## [TASK PROMPT]
Pictures aside, can you reproduce the records word for word?

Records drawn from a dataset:

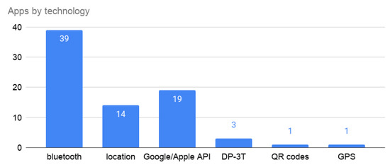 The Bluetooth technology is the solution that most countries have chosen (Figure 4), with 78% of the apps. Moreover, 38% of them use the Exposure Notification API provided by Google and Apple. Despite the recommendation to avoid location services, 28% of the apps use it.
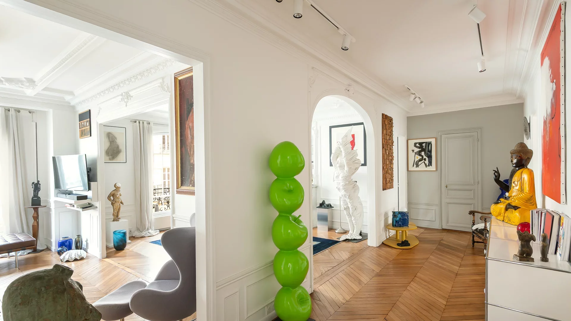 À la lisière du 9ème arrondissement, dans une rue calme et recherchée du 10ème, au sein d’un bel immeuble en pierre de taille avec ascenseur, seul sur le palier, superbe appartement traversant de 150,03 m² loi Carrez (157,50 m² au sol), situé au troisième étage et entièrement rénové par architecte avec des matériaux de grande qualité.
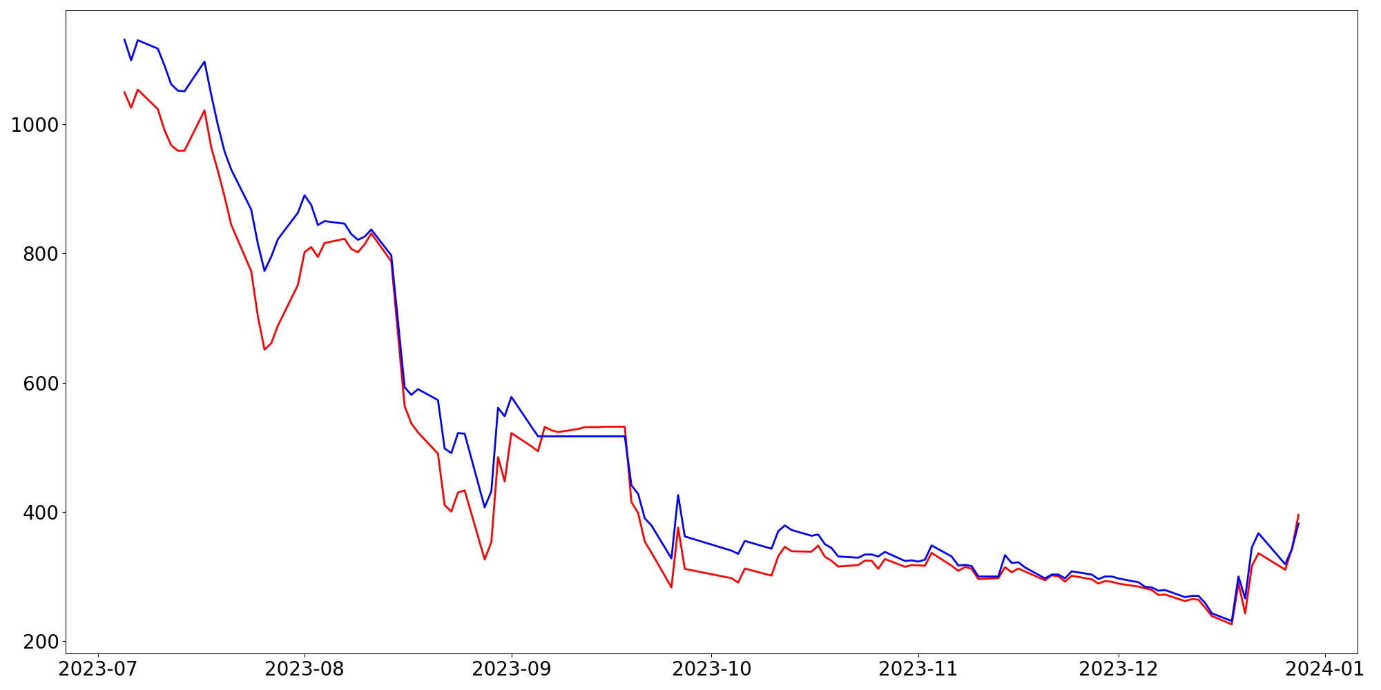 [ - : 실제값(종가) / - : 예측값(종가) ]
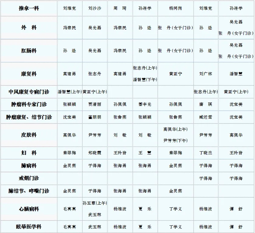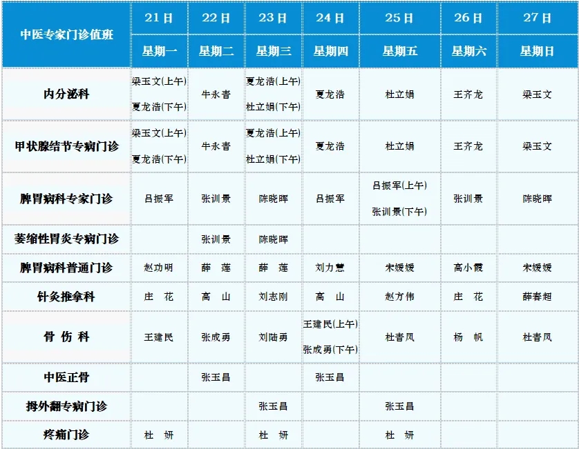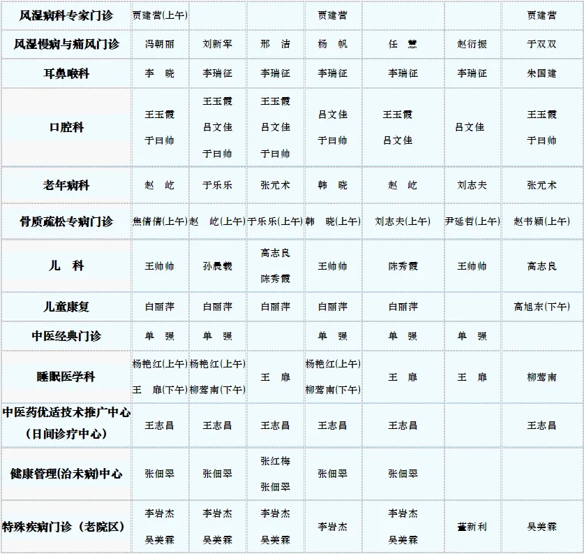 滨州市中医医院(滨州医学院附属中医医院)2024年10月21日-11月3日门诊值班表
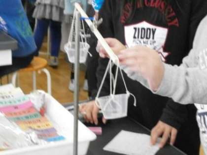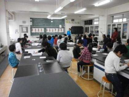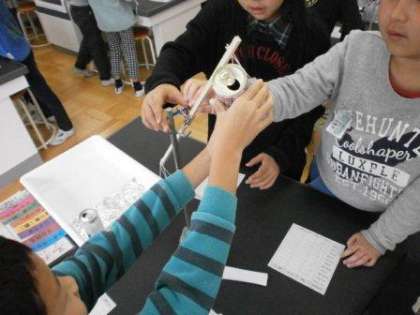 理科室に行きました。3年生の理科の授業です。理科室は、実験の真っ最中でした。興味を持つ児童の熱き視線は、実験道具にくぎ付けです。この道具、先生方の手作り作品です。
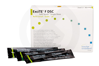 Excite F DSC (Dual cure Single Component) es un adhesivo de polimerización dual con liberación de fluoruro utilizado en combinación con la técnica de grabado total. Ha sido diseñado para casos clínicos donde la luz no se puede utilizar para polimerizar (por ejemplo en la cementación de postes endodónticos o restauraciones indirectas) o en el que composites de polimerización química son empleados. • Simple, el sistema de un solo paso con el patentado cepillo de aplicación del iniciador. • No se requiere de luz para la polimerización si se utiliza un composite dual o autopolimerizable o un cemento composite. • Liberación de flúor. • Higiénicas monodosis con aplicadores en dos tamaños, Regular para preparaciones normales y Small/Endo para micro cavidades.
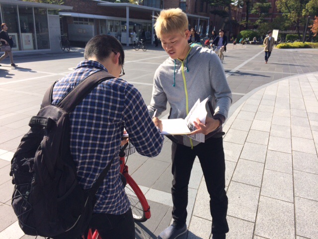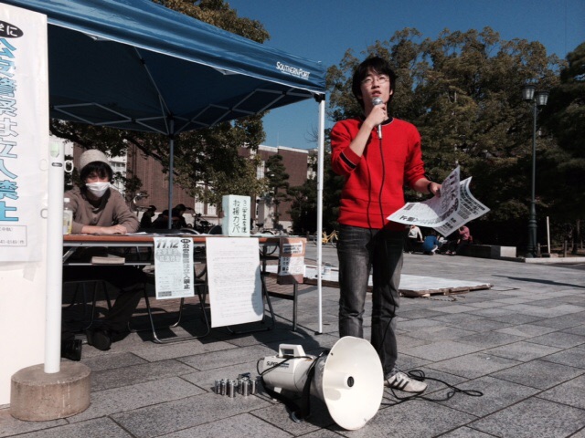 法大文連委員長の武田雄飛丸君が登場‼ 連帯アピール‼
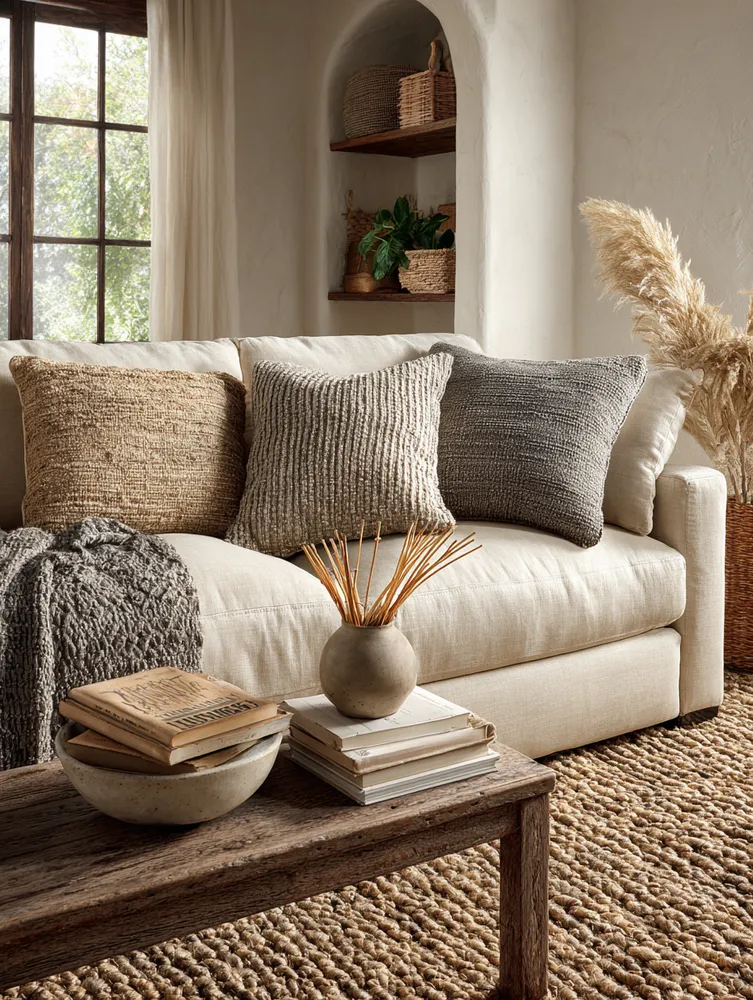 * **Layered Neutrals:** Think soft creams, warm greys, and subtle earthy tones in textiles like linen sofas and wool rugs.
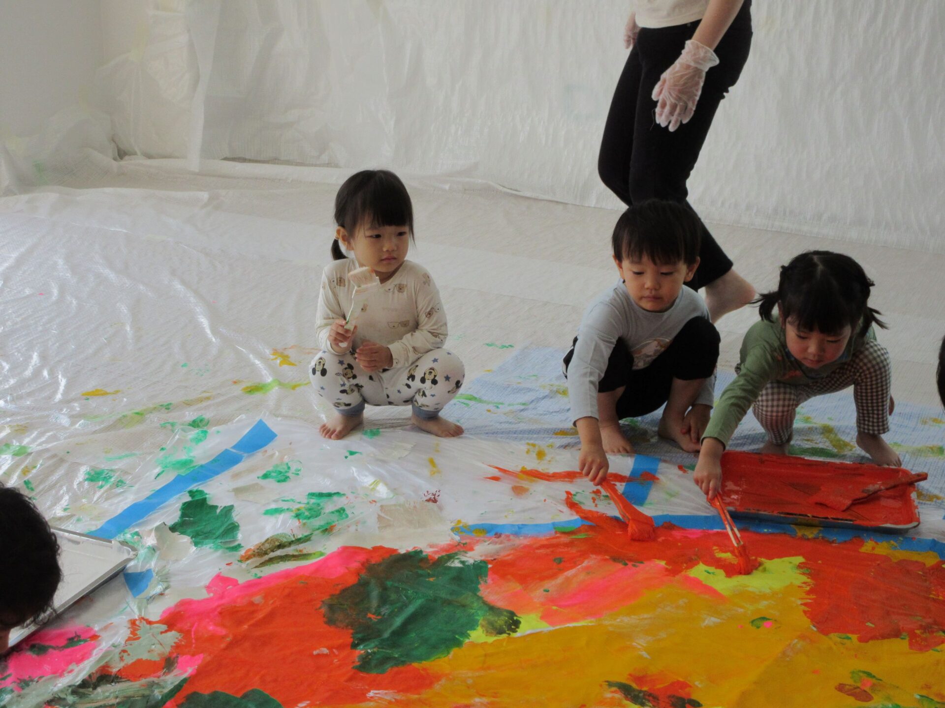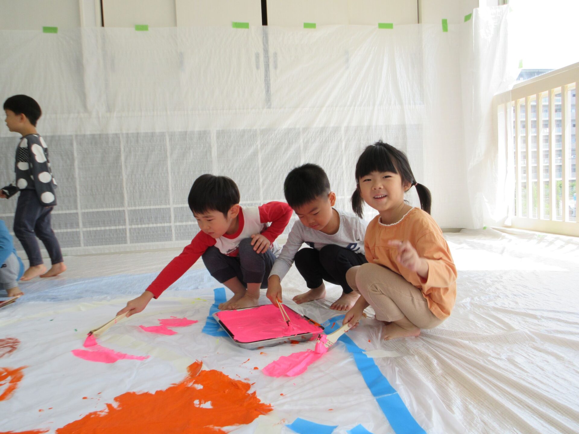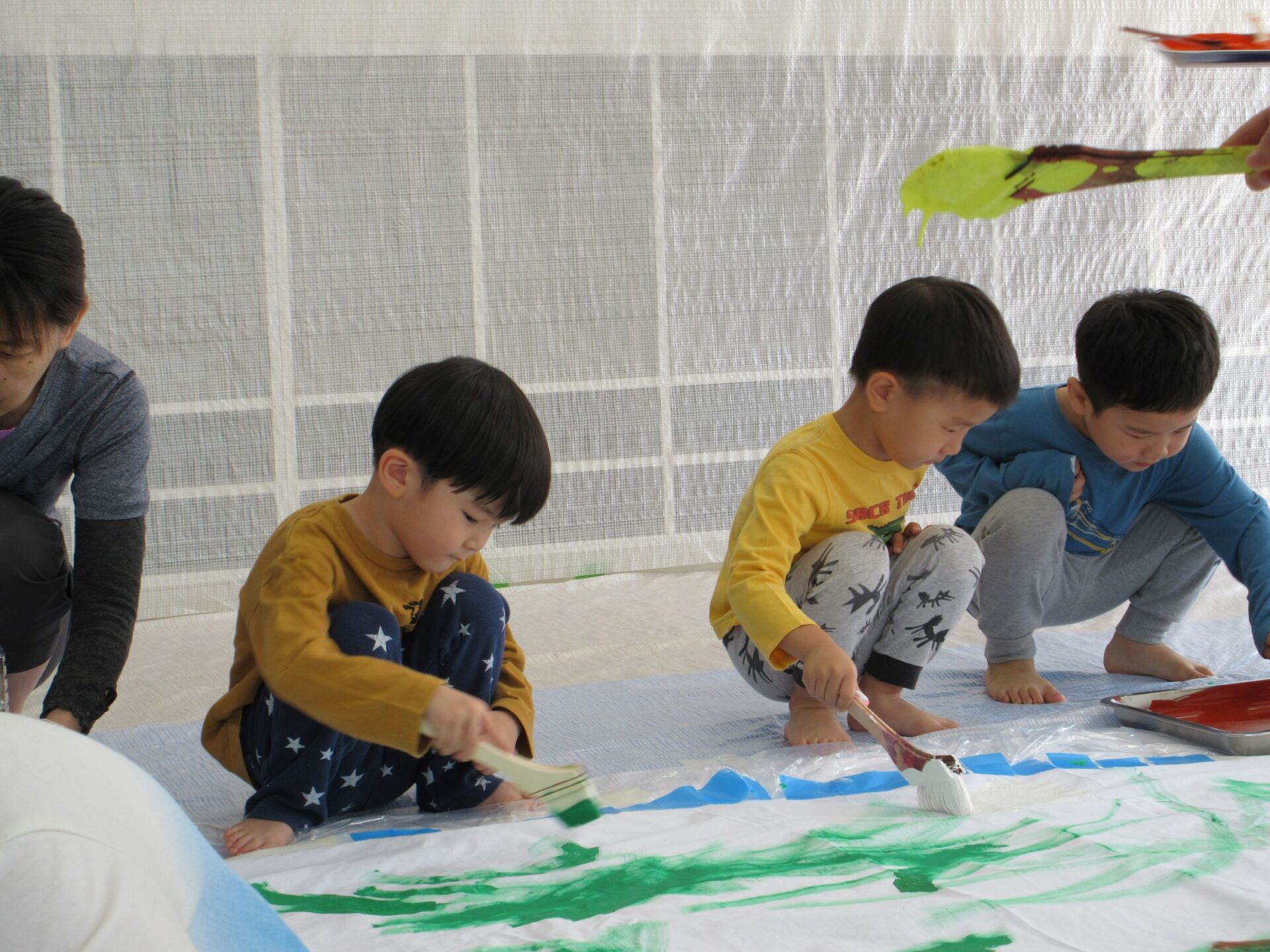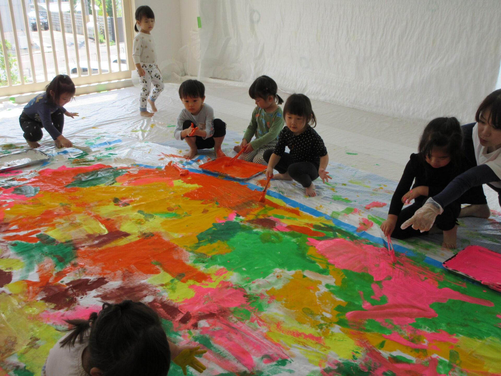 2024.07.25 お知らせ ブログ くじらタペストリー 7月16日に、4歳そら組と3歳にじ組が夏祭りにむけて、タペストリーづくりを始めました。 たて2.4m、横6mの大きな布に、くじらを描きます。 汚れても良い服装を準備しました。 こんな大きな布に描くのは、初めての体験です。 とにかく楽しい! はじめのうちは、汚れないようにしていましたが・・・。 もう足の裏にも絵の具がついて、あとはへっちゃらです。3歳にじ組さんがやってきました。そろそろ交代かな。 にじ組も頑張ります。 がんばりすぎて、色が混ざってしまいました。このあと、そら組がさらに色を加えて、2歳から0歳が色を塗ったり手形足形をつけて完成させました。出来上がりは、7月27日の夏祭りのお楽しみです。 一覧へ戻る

## [TASK RESPONSE]
 The Bluetooth technology is the solution that most countries have chosen (Figure 4), with 78% of the apps. Moreover, 38% of them use the Exposure Notification API provided by Google and Apple. Despite the recommendation to avoid location services, 28% of the apps use it.
 À la lisière du 9ème arrondissement, dans une rue calme et recherchée du 10ème, au sein d’un bel immeuble en pierre de taille avec ascenseur, seul sur le palier, superbe appartement traversant de 150,03 m² loi Carrez (157,50 m² au sol), situé au troisième étage et entièrement rénové par architecte avec des matériaux de grande qualité.
 [ - : 실제값(종가) / - : 예측값(종가) ]
 滨州市中医医院(滨州医学院附属中医医院)2024年10月21日-11月3日门诊值班表
 理科室に行きました。3年生の理科の授業です。理科室は、実験の真っ最中でした。興味を持つ児童の熱き視線は、実験道具にくぎ付けです。この道具、先生方の手作り作品です。
 Excite F DSC (Dual cure Single Component) es un adhesivo de polimerización dual con liberación de fluoruro utilizado en combinación con la técnica de grabado total. Ha sido diseñado para casos clínicos donde la luz no se puede utilizar para polimerizar (por ejemplo en la cementación de postes endodónticos o restauraciones indirectas) o en el que composites de polimerización química son empleados. • Simple, el sistema de un solo paso con el patentado cepillo de aplicación del iniciador. • No se requiere de luz para la polimerización si se utiliza un composite dual o autopolimerizable o un cemento composite. • Liberación de flúor. • Higiénicas monodosis con aplicadores en dos tamaños, Regular para preparaciones normales y Small/Endo para micro cavidades.
 法大文連委員長の武田雄飛丸君が登場‼ 連帯アピール‼
 * **Layered Neutrals:** Think soft creams, warm greys, and subtle earthy tones in textiles like linen sofas and wool rugs.
 2024.07.25 お知らせ ブログ くじらタペストリー 7月16日に、4歳そら組と3歳にじ組が夏祭りにむけて、タペストリーづくりを始めました。 たて2.4m、横6mの大きな布に、くじらを描きます。 汚れても良い服装を準備しました。 こんな大きな布に描くのは、初めての体験です。 とにかく楽しい! はじめのうちは、汚れないようにしていましたが・・・。 もう足の裏にも絵の具がついて、あとはへっちゃらです。3歳にじ組さんがやってきました。そろそろ交代かな。 にじ組も頑張ります。 がんばりすぎて、色が混ざってしまいました。このあと、そら組がさらに色を加えて、2歳から0歳が色を塗ったり手形足形をつけて完成させました。出来上がりは、7月27日の夏祭りのお楽しみです。 一覧へ戻る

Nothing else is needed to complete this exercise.